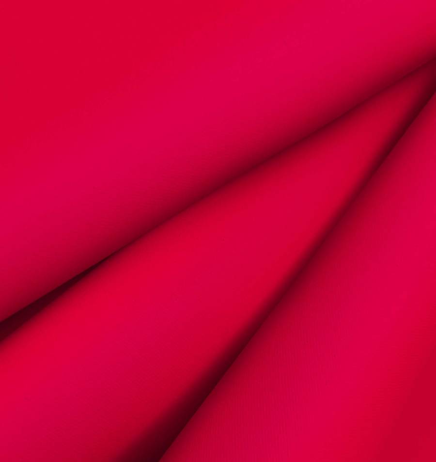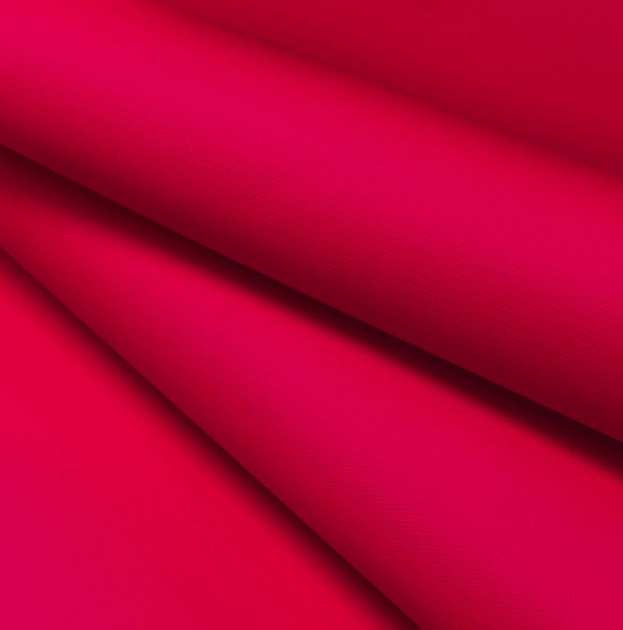La tela base es la Tela Impermeable - Outdoor, un tejido técnico compuesto al 100% de poliéster con un gramaje de 200 gr/m2 y una anchura de 150 cm. El color liso impreso es un rojo carmín, con una proporción de 0% de tinta Cyan, 95% de tinta Magenta, 67% de tinta Yellow y 0% de tinta Black, reflejado en el CMYK 0 95 67 0. Esta combinación de tintas resulta en un color intenso y vibrante, que se combina de manera ideal con colores neutros como el negro y el blanco, así como con tonos más sutiles como el gris o el beige.
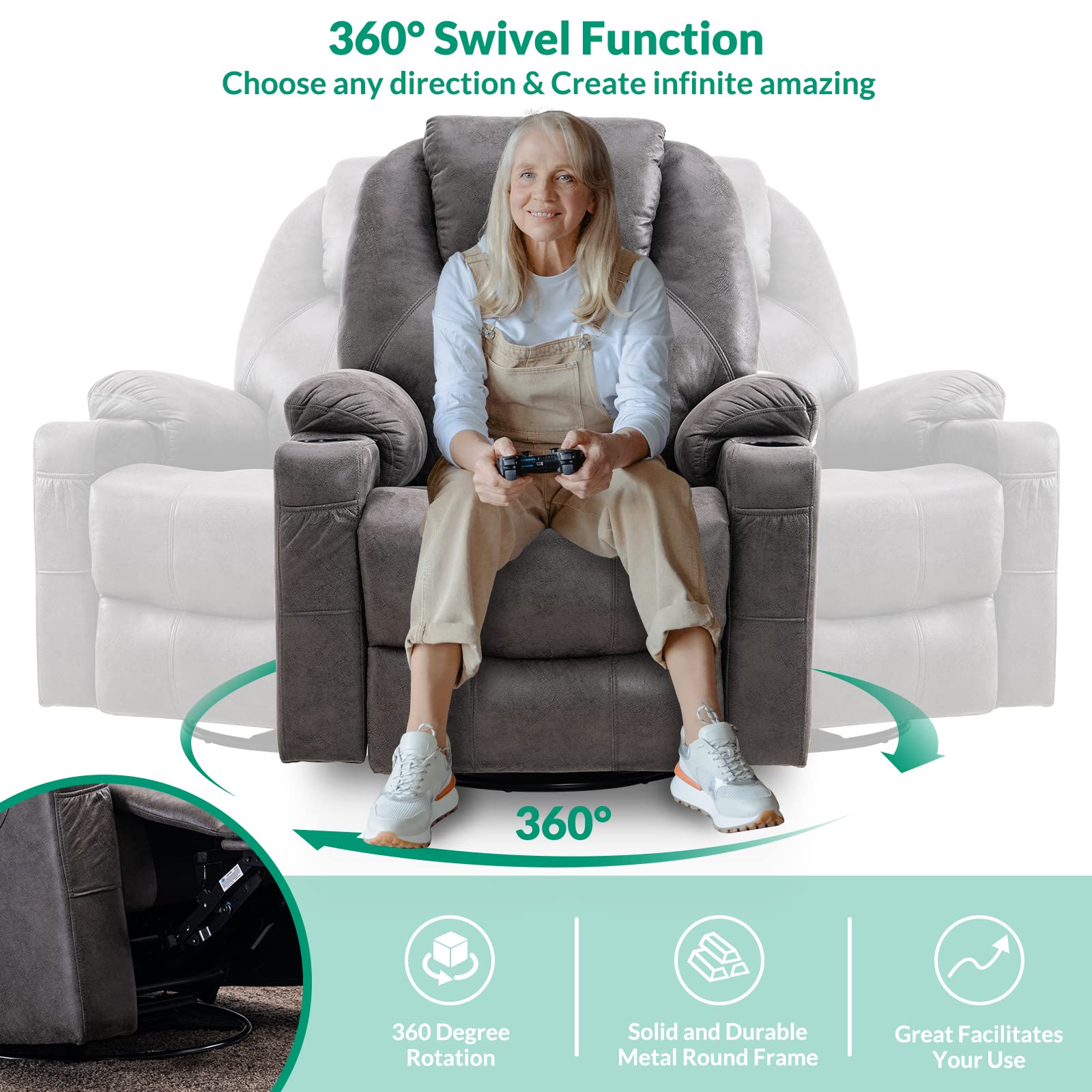 - 360° Swivel & Rocking Motion: Find the perfect position with smooth gliding and full swivel range. Reclines from 90°–150° via pull handle. (Note: Recline position is not lockable.)
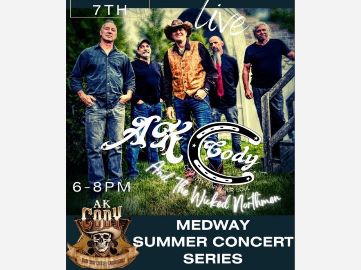 AK Cody and the Wicked Northmen are performing at the Medway Summer Concert Series, from 6-8 pm, Monday, July 7 at 123 Holliston Street in Medway, (Former VFW / Medway Parks & Rec Building).
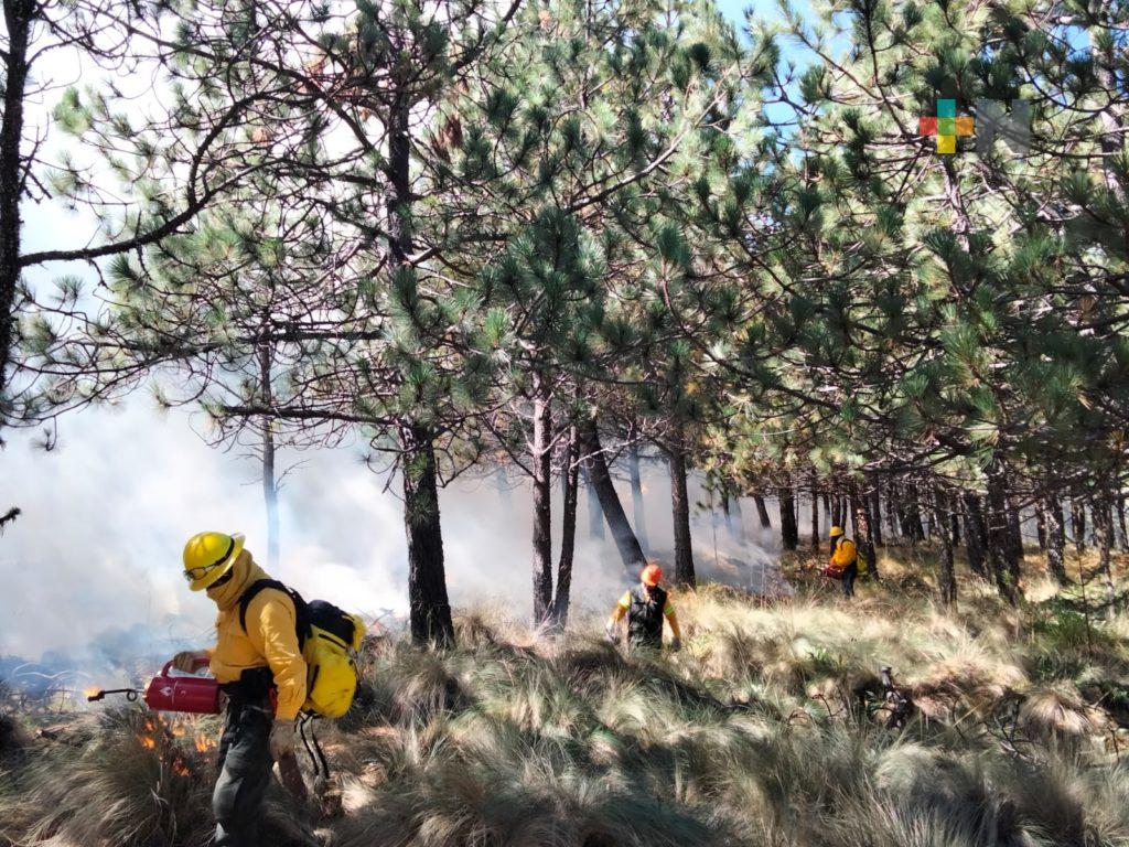 Perote, Ver.- Brigadistas de la Comisión Nacional de Áreas Protegidas y de la Comisión Nacional Forestal (Conafor) realizaron este martes una quema prescrita en el Parque Nacional Cofre de Perote, con el objetivo de evitar que la acumulación de troncos y hojas secas sirva de combustible y se provoquen incendios forestales.
=-=-=-=-=
_PROBLEM TO WORK ON_. All the material shown above is to be copied exactly, with no pictures carried over.

_THE COMPLETED TASK_.
La tela base es la Tela Impermeable - Outdoor, un tejido técnico compuesto al 100% de poliéster con un gramaje de 200 gr/m2 y una anchura de 150 cm. El color liso impreso es un rojo carmín, con una proporción de 0% de tinta Cyan, 95% de tinta Magenta, 67% de tinta Yellow y 0% de tinta Black, reflejado en el CMYK 0 95 67 0. Esta combinación de tintas resulta en un color intenso y vibrante, que se combina de manera ideal con colores neutros como el negro y el blanco, así como con tonos más sutiles como el gris o el beige.
 - 360° Swivel & Rocking Motion: Find the perfect position with smooth gliding and full swivel range. Reclines from 90°–150° via pull handle. (Note: Recline position is not lockable.)
 AK Cody and the Wicked Northmen are performing at the Medway Summer Concert Series, from 6-8 pm, Monday, July 7 at 123 Holliston Street in Medway, (Former VFW / Medway Parks & Rec Building).
 Perote, Ver.- Brigadistas de la Comisión Nacional de Áreas Protegidas y de la Comisión Nacional Forestal (Conafor) realizaron este martes una quema prescrita en el Parque Nacional Cofre de Perote, con el objetivo de evitar que la acumulación de troncos y hojas secas sirva de combustible y se provoquen incendios forestales.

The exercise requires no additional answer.